What to work on » Could you write out exactly, and only, the lines from the one containing "포트원 관리자콘솔 >" through the last line of the data, leaving out all pictures?

The data »
[Start of Attachment]

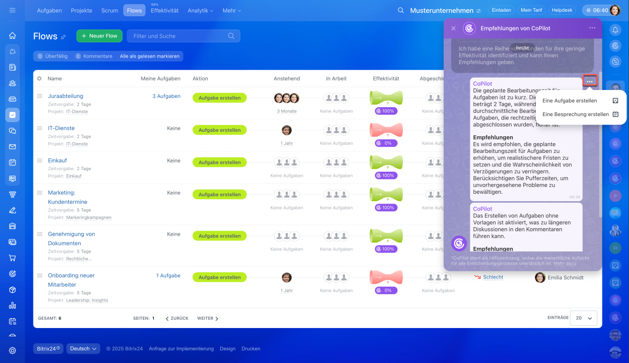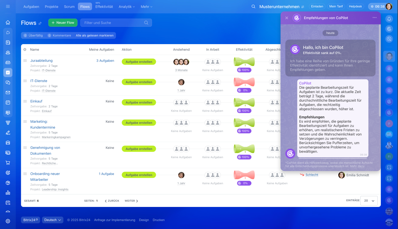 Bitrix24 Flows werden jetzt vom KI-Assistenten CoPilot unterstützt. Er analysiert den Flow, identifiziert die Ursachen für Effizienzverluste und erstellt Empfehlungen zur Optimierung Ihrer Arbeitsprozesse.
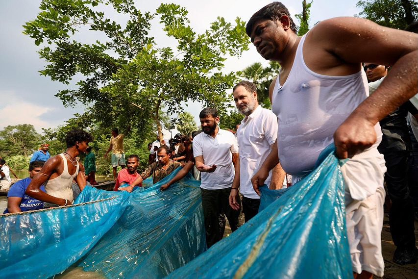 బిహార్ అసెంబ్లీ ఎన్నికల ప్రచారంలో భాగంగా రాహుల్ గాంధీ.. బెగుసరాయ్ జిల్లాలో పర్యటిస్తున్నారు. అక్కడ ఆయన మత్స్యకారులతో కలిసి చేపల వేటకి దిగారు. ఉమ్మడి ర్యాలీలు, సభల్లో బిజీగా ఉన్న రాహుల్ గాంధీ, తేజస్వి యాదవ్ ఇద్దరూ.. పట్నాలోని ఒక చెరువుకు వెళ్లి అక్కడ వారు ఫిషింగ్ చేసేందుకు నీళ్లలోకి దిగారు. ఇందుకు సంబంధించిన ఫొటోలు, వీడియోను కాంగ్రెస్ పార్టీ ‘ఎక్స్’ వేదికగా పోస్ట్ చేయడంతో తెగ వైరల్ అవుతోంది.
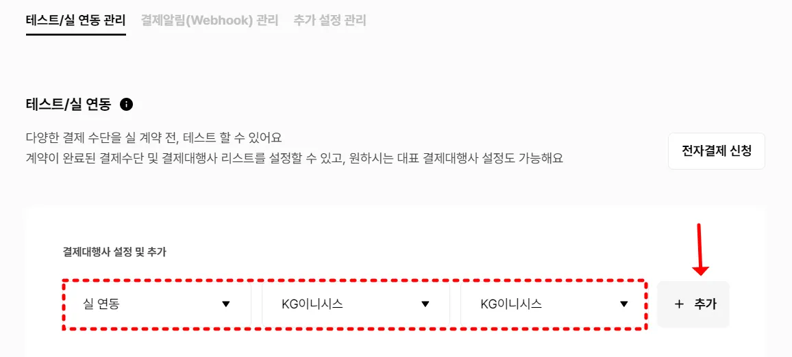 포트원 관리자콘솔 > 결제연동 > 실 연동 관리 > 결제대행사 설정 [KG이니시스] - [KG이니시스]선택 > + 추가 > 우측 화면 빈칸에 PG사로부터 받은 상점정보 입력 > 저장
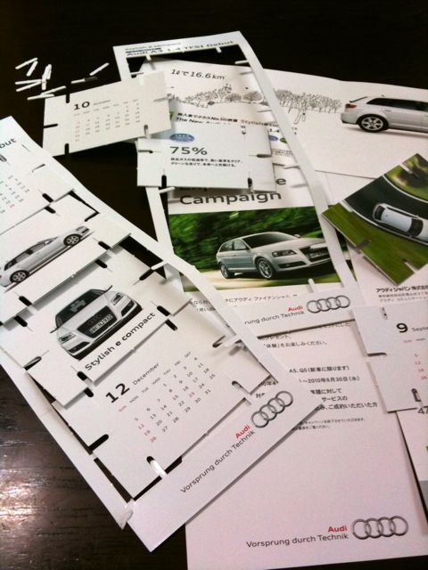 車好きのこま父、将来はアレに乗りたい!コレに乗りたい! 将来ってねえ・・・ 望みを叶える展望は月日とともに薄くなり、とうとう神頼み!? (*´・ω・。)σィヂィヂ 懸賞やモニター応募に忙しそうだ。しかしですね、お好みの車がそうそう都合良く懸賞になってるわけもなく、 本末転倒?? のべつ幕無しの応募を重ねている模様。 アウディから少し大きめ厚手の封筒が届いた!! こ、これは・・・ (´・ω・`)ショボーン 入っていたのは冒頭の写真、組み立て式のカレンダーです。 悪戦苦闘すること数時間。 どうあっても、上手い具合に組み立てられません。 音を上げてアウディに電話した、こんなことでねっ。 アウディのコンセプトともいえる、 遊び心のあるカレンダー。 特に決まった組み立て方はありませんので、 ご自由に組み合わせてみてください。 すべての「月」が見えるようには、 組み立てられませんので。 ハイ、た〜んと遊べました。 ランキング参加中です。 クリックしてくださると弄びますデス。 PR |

[End of Attachment]

Completed exercise »
 포트원 관리자콘솔 > 결제연동 > 실 연동 관리 > 결제대행사 설정 [KG이니시스] - [KG이니시스]선택 > + 추가 > 우측 화면 빈칸에 PG사로부터 받은 상점정보 입력 > 저장
 車好きのこま父、将来はアレに乗りたい!コレに乗りたい! 将来ってねえ・・・ 望みを叶える展望は月日とともに薄くなり、とうとう神頼み!? (*´・ω・。)σィヂィヂ 懸賞やモニター応募に忙しそうだ。しかしですね、お好みの車がそうそう都合良く懸賞になってるわけもなく、 本末転倒?? のべつ幕無しの応募を重ねている模様。 アウディから少し大きめ厚手の封筒が届いた!! こ、これは・・・ (´・ω・`)ショボーン 入っていたのは冒頭の写真、組み立て式のカレンダーです。 悪戦苦闘すること数時間。 どうあっても、上手い具合に組み立てられません。 音を上げてアウディに電話した、こんなことでねっ。 アウディのコンセプトともいえる、 遊び心のあるカレンダー。 特に決まった組み立て方はありませんので、 ご自由に組み合わせてみてください。 すべての「月」が見えるようには、 組み立てられませんので。 ハイ、た〜んと遊べました。 ランキング参加中です。 クリックしてくださると弄びますデス。 PR |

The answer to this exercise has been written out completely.